My nipples hardened from the cool night air. My cheeks were bright red, but I continued holding my top up, keeping my breasts exposed. Jack, however, appeared bored, and after thirty seconds, he waved his hand at me.
"You can stop," he said. "You're too late. You were supposed to do it when I told you to last night. Doing it now is a waste of your time and mine."
My eyes widened. "What?!?" I shrieked. "You can't do that! I flashed you my bare tits! I just flashed the whole world my tits! Just like you told me to!"

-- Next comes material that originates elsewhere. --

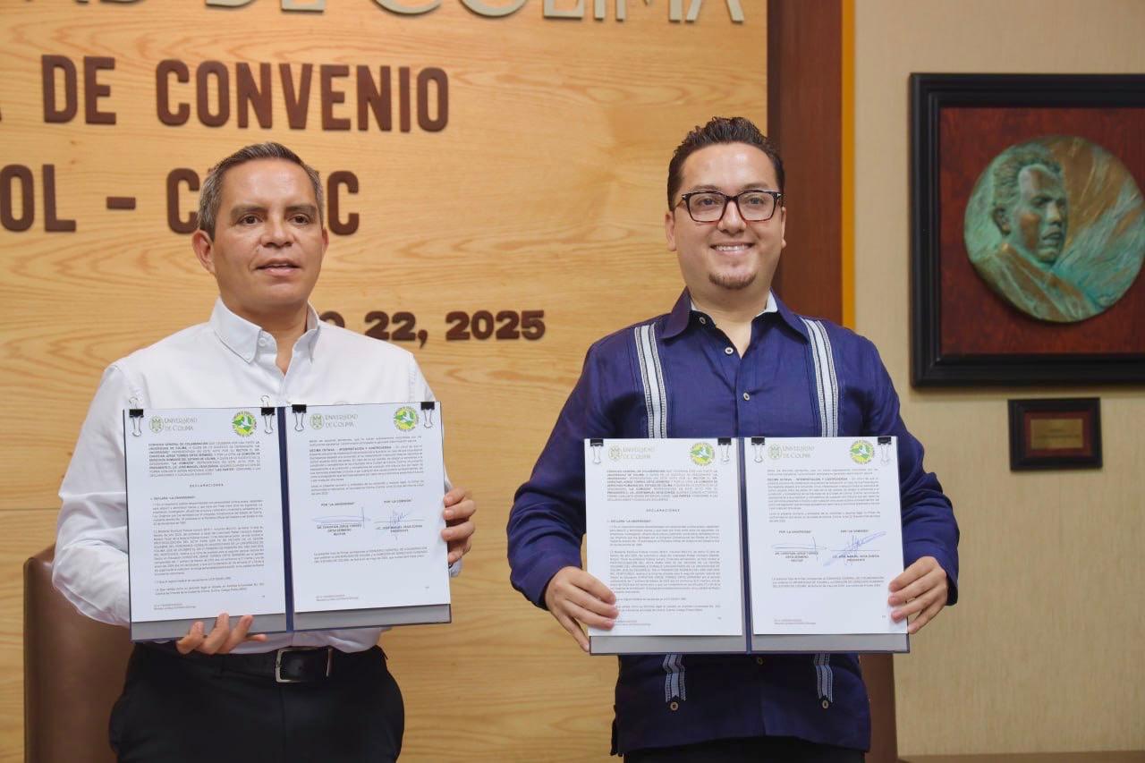 En el mismo sentido, y en un esfuerzo por fortalecer la educación y la vinculación académica, la CDHEC firmó un convenio de colaboración con la Universidad de Colima, representada por su rector, Dr. Christian Jorge Torres Ortiz Zermeño. Este acuerdo permitirá que estudiantes realicen su servicio social y prácticas profesionales en la Comisión, además de fomentar la educación continua a través de diplomados, conferencias y foros especializados en derechos humanos. También promoverá iniciativas conjuntas para la difusión de la cultura de paz y la democratización del acceso a la cultura, integrando a jóvenes en actividades de promoción y sensibilización.

Jack's eyes hardened. "No, you didn't," he said. "I told you to do it last night, not when it was convenient for you. The only way out of it for you now is to take off your top, drop to your knees and give me a topless blowjob, right here in the park, right now. And I mean a complete blowjob, not a couple of licks and kisses."
I took a step backwards. "You're crazy," I said, "if you think my lips will ever touch your cock. Go fuck yourself, okay? Or better yet, go fuck Squire."
Jack shrugged, seemingly unperturbed. "Have it your way, then," he said. "By the way, I suggest red."
I turned around and walked away. My pigtails swayed back and forth across my shoulders as I hurried away from the horrid man. I had no idea what his parting comment meant, but I wasn't going to stick around to find out. I firmly pulled the resisting Ariel with me. She whined but eventually fell into step with me.